DUBLIN, Ohio -- It didn't take long for the talk to turn from golf to college football during Jack Nicklaus's press conference Tuesday morning at the Memorial Tournament.
After Nicklaus made some opening remarks on changes to the golf course, he was asked for his thoughts on Jim Tressel, who resigned as Ohio State's football coach on Monday amid a firestorm of accusations and NCAA violations.
"Well, my take on it is that it was no different than a father trying to protect his son, and if I had one of my kids that did what I thought was a fairly insignificant thing, I'd probably say, you know, ‘Hey, we're not going to worry too much about that. We're going to try to just forget that,'" Nicklaus said.
"Well, obviously the cover up was far worse than the act. And once you got the cover up, it became a situation where Jim had to say some things that turned out to be that weren't exactly truthful. And so that's where he got himself in trouble."

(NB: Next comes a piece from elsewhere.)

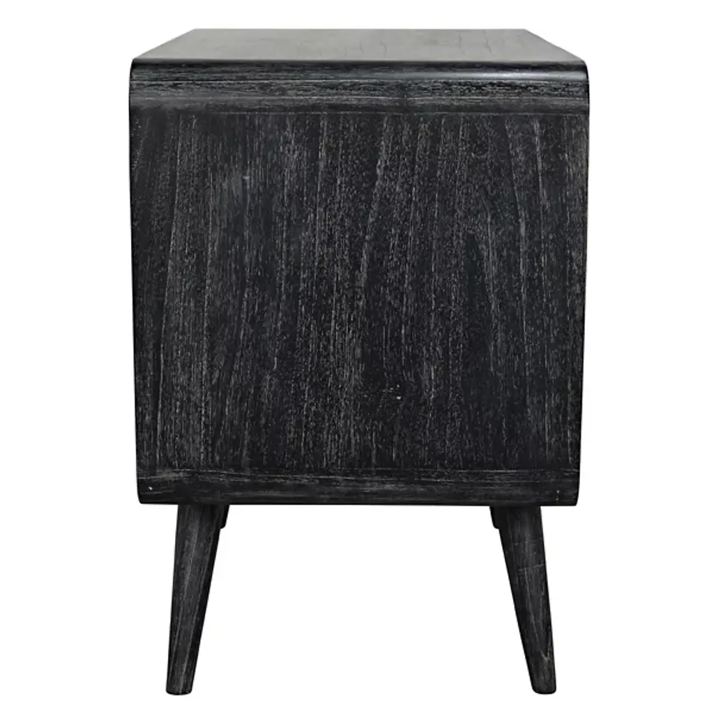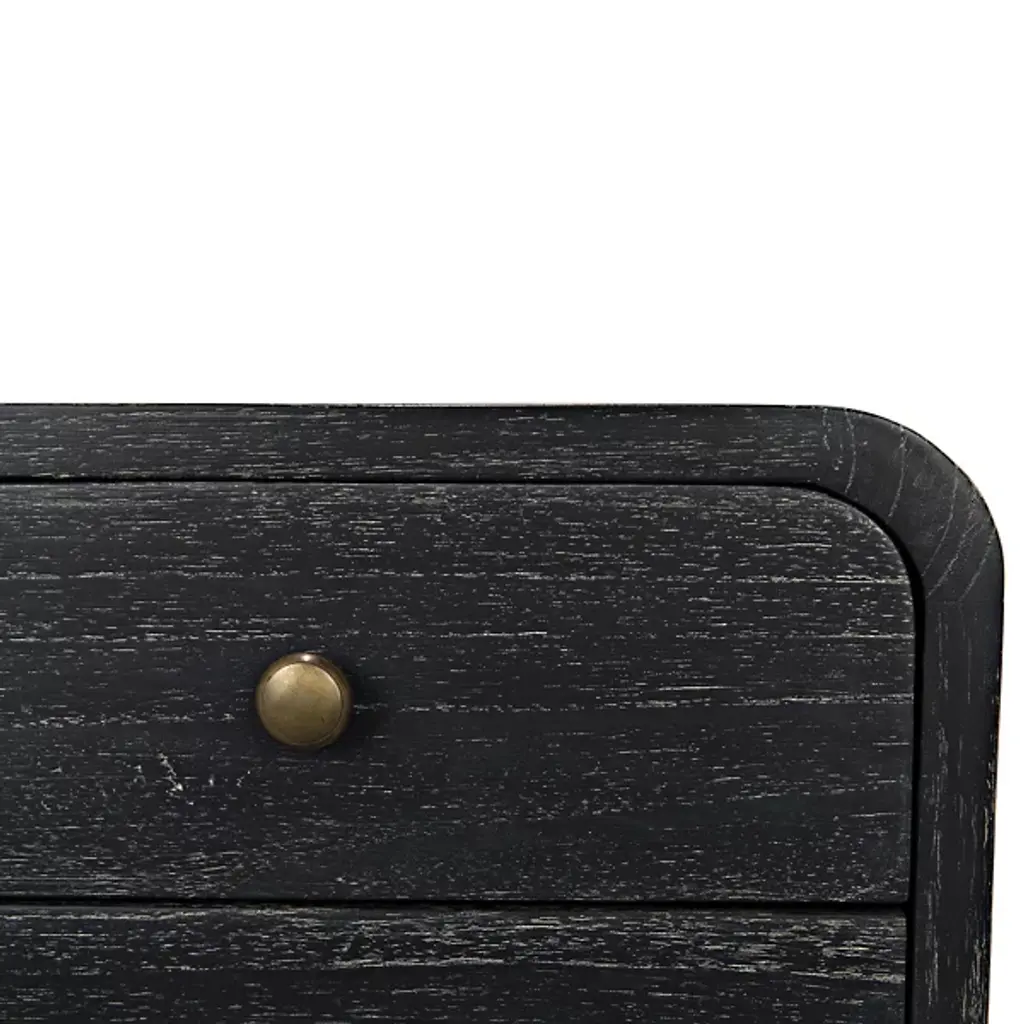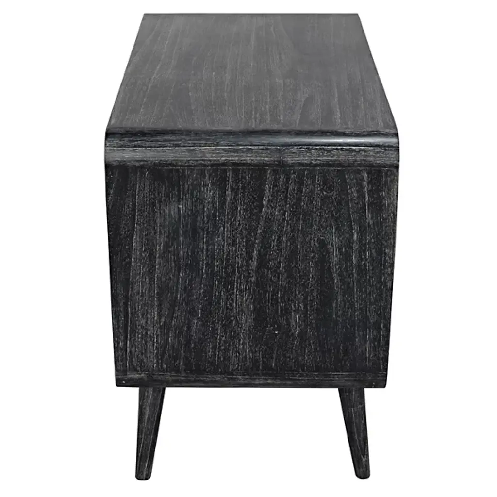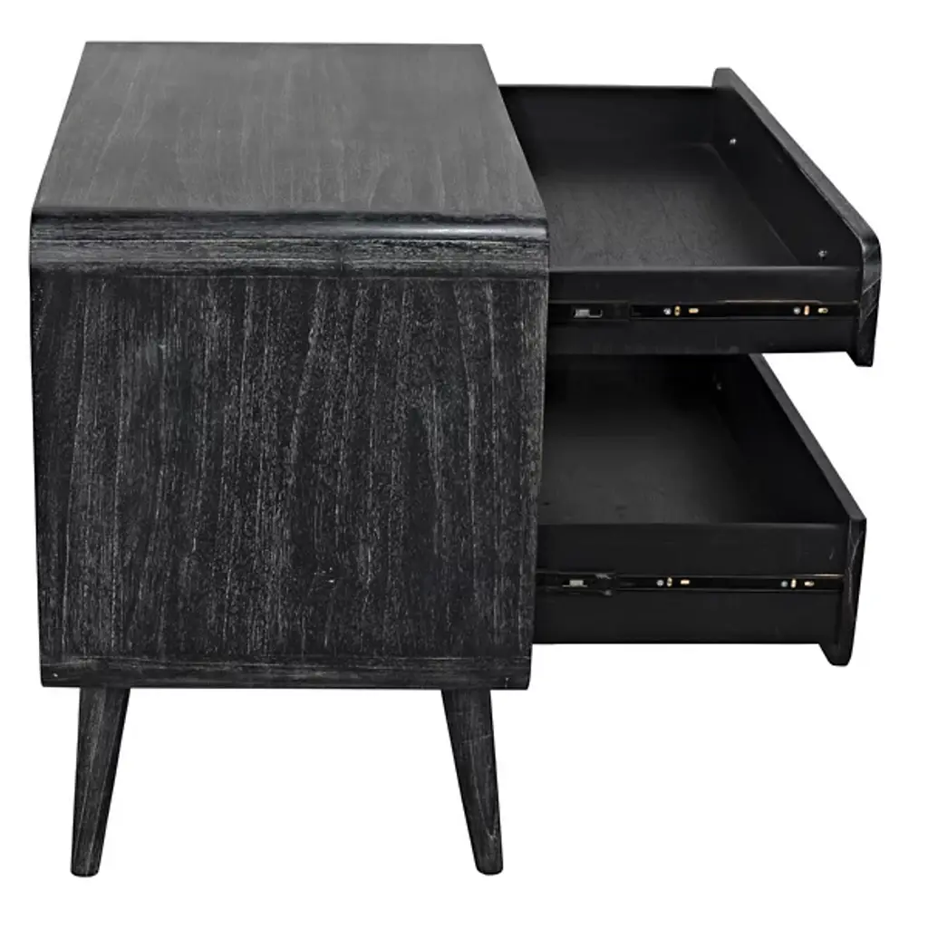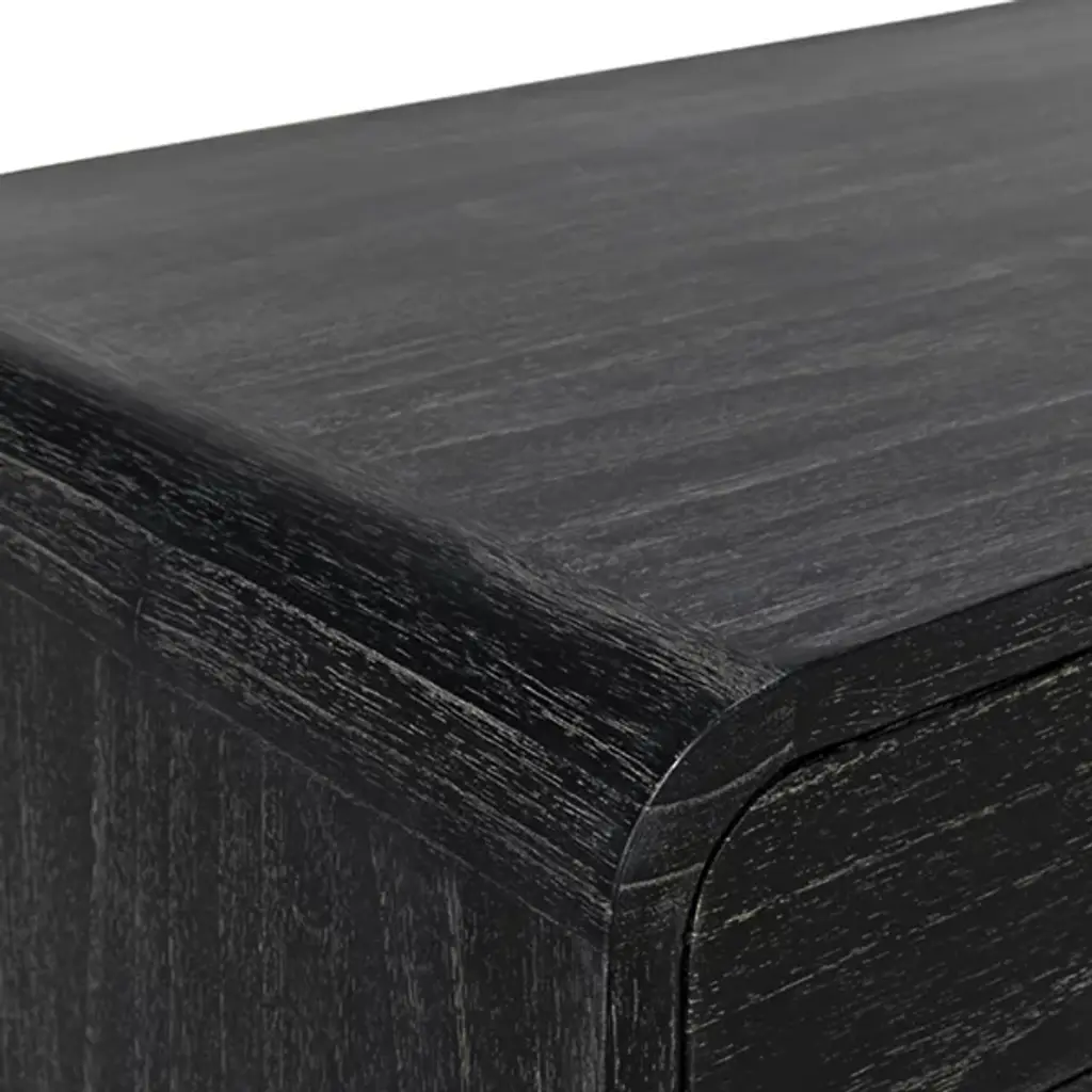 The Bart Chest from Noir curves at every edge, softening what would otherwise be a rectangular form. Mindi wood grain runs horizontally across three drawers, creating natural patterning that complements the chest's mid-century lines. Six brass pulls punctuate the front face, providing necessary contrast against the dark finish. The tapered legs angle outward slightly, lifting the body of the piece off the floor and enhancing its buoyant quality. This chest works equally well as bedroom storage or as an unexpected media console in living spaces.

Tressel resigned Monday after 10 years as Ohio State's football coach. The NCAA is investigating the extent of a scandal in which players traded memorabilia for tattoos. SI reported Monday night that as many as 28 players had traded Ohio State memorabilia under Tressel's watch dating back to 2002.
Nicklaus grew up in the Columbus suburb of Upper Arlington, attended Ohio State football games with his father as a kid and won the 1961 NCAA individual title while playing golf for the Buckeyes.
Legendary football coach Woody Hayes was a family friend and frequent patron in Nicklaus's gallery at Ohio State. At the time, golf was just one of many sports Nicklaus played. But Hayes told Nicklaus's father, Charlie, that young Jack should focus on golf.
"Charlie, forget about Jack playing football," Hayes was quoted as saying in Nicklaus's book My Story. "I think he'd make a fine quarterback if he stayed with the game, but he could also get hurt, and with the talent he has for golf he'd be crazy to take a chance like that. Just encourage him with his golf, because I think he could have a great career at it."
Nicklaus was asked Tuesday what Hayes might have done if he were in Tressel's shoes.
"I think Woody would have protected his kids," Nicklaus said. "He probably did protect his kids. Woody was a good man. I think Tressel is a good man."